Surviving the Sechelt Rapids without a dunkin
Rush hour on the Skookumchuck comes twice a day on the tide. The Pacific Ocean funnels north up Jervis Inlet into Sechelt Inlet through a narrow channel to create a foamy cauldron of whirlpools, endless waves and one of the swiftest natural currents in the world. That's why every weekend you'll find whitewater paddling enthusiasts launching their two to three-metre polyethylene plastic kayaks into 10 to 15-knot tides, riding rollers that can last for hours.
And sometimes you'll find Bryce Christie steering his 40-foot passenger boat in and out of the current so armchair adventurers can feel the tide's power in safety.
Our family has a keen sense of adventure: running with scissors, eating Timbits between meals there's not much we won't do. But when Bryce invited us aboard The Topline to ride the Skookumchuck, I was concerned. There'd be coffee and doughnuts on board, not to mention small children: Surely something might spill?
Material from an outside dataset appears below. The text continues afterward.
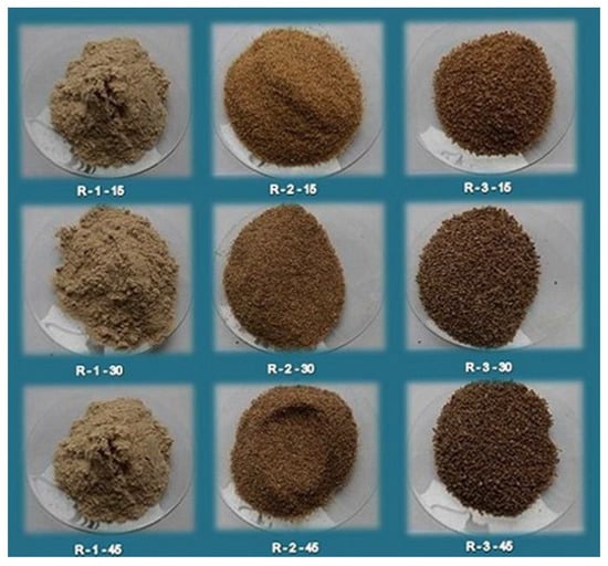 Corn grits and sugar beet pulp were mixed in ratios 85:15, 70:30, and 55:45. The chemical composition of used raw materials for the production of SBPEs was presented in our previous work [35]. Blended mixtures were conditioned to 30% of moisture, put in plastic bags, and left for 24 h before the extrusion. Prepared samples were extruded using the laboratory single screw extruder 19/20DN, Brabender, Germany. Extrusion parameters were as follows: compression ratio screw: 1:1; die: 5 mm; temperature profile: 70 °C in dosing zone, 90 °C in compression zone, and 100 °C in ejection zone; screw speed: 600 rpm; dosing speed: 40 rpm. Prepared extrudates were air-dried overnight at ambient temperature and stored in plastic bags. The extrudates were subsequently ground with an IKA MF10 laboratory mill and sieved through a laboratory sieve stack (BÜHLER, MLU300) to produce three fractions: fraction 1—particles < 250 μm; fraction 2—particles from 250 to 1000 μm; and fraction 3—particles from 1000 to 2000 μm. Thus, nine sugar beet pulp extrudates (SBPEs) were obtained (Table 1). The appearance of the SBPEs is shown in Figure 1.
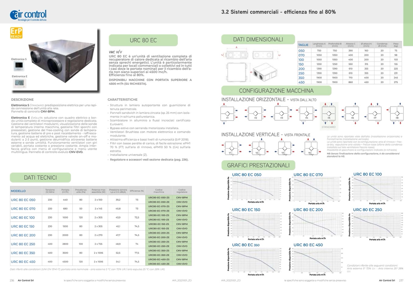 Le unità sono riportate con la configurazione: aria di rinnovo = frec-

After all, the native name Skookumchuck means powerful (skookum) water (chuck).
Bryce decided to break us in gently with a voyage into calmer waters via desolate islands with names that read like a who's who of British admiralty and politics: Agnew Passage, Nelson Island and Foley Head. Looming stark against a cloudless sky up Jervis Inlet was Mount Churchill on the back of Vancouver Bay. A stop at ancient petroglyphs steered us farther back into history before we cruised past the Harmony Islands on the east side of Hotham Sound.
The islands form part of a 31-hectare provincial park. Here the oysters lie as deep as the pockets of the yacht owners who visit this favourite spot in summer. One mile south of the park we passed Freil Lake Falls, which plunge into Hothman Sound from Freil Lake. Our last landmark before Skookumchuck Narrows was Miller Island, a favourite spot for basking seals sometimes a hundred at a time, according to Bryce.
"Back away from the doughnuts and watch for seals," we told the kids in fevered anticipation.
Despite a cloudless sky and perfect basking conditions, the seals were giving Miller a wide berth on this day, although we did spot about a dozen bobbing in the boat's wake, as if to taunt us.
Once in Skookumchuck Narrows, we took precautions suitable for a small boat in a 10-knot flood tide. Doughnut boxes were sealed and anchored, coffee flasks were tightened. Known to most people simply as the Skookumchuck, Bryce told us we were entering Sechelt Rapids. About a dozen kayakers were playing in the waves while two dozen more were hanging out on Roland Point, a popular viewing spot in Skookumchuck Narrows Provincial Park.
Thanks to Bryce's skill at the wheel, we were able to watch the kayakers up close, as well as experience the peculiar sensation of riding a sloping tide. It felt as if we were in a giant basin filling with water. On a three-metre tide, 200 billion gallons of water flow through the narrows, causing a difference in water levels of up to two metres between one side of the rapids and the other. We skirted Rapid Islet, the largest island in the mid-stream. Locals call it Tremble Island, such is the shudder felt through the granite on a flood tide.
Our adventuring complete, we returned to Egmont marina and the Back Eddy Pub where we later agreed that maybe we'd try kayaking the Chuck next year. Maybe.
For more information about Bryce Christie's boat tours, call 1-800-870-9055 or visit www.sunshinecoasttours.bc.ca
To view the rapids from land, follow Highway 101 to Earls Cove. About a kilometre before Earls Cove take the turnoff to Egmont Road. Follow it for about six kilometres to Skookumchuck Narrows provincial park and walk the trail to Roland Point (to view a flood tide) or North Point (to view an ebb tide).